Tony Lee Smith

Personal information
- Born: 25 December 1961 (age 64) Christchurch, New Zealand

Sport
- Country: New Zealand
- Sport: Speed skating
- Turned pro: 1982
- Retired: 1996

= Tony Smith (speed skater) =

New Zealand short track speed skater

Tony Lee Smith (born 25 December 1961 in Christchurch) is a short track speed skater from New Zealand.

He competed in Short Track Speed Skating at a national level from 1982 until he retired from competitive skating in 1996 aged 34-year-old. During this time he broke or held numerous open or national records in individual or relay skating events. He is still the current New Zealand Record holder for the 160m Straight Sprint, a race that was held each year in conjunction with the National Long Track Speed Skating Championships.

He competed for New Zealand in two Olympic Winter games. At the 1992 Winter Olympics in Albertville, France; the team he was in came 4th in the 5000 m short-track relay missing the bronze medal by just 0.7 sec.

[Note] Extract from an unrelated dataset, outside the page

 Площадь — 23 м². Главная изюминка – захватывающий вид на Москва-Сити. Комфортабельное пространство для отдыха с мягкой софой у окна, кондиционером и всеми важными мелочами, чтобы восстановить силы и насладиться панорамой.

At the 1994 Winter Olympics in Lillehammer, Norway; the team he was in was placed 8th in the 5000 m short-track relay, after being disqualified in the B final. At the Lillehammer games he carried the New Zealand flag at the opening ceremony.

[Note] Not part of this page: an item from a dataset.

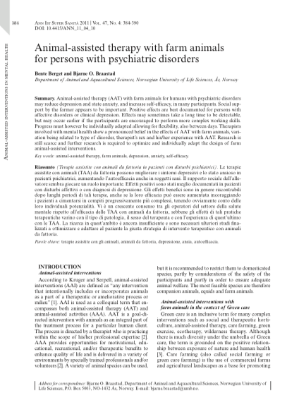 Il a été remarqué que les activités associant l’animal (AAT) à la ferme, proposées à des personnes atteintes de maladies psychiques, pouvaient réduire la dépression et le niveau d’anxiété et améliorer leurs compétences. L’accompagnement par le fermier est important.

He was a New Zealand Representative in Short Track Speed Skating at three World Championship events. 1991 World Championships in Sydney where the team he was in came 2nd. 1991 World Teams Championships in Korea (6th) and the 1993 World Championships in China where the team he was placed 1st in the 5000 m relay in a world-record time.

He also represented Canterbury in Track Cycling at the 1984 and 1985 New Zealand National Championships competing in both the Sprint and 1 Kilometer Time Trial.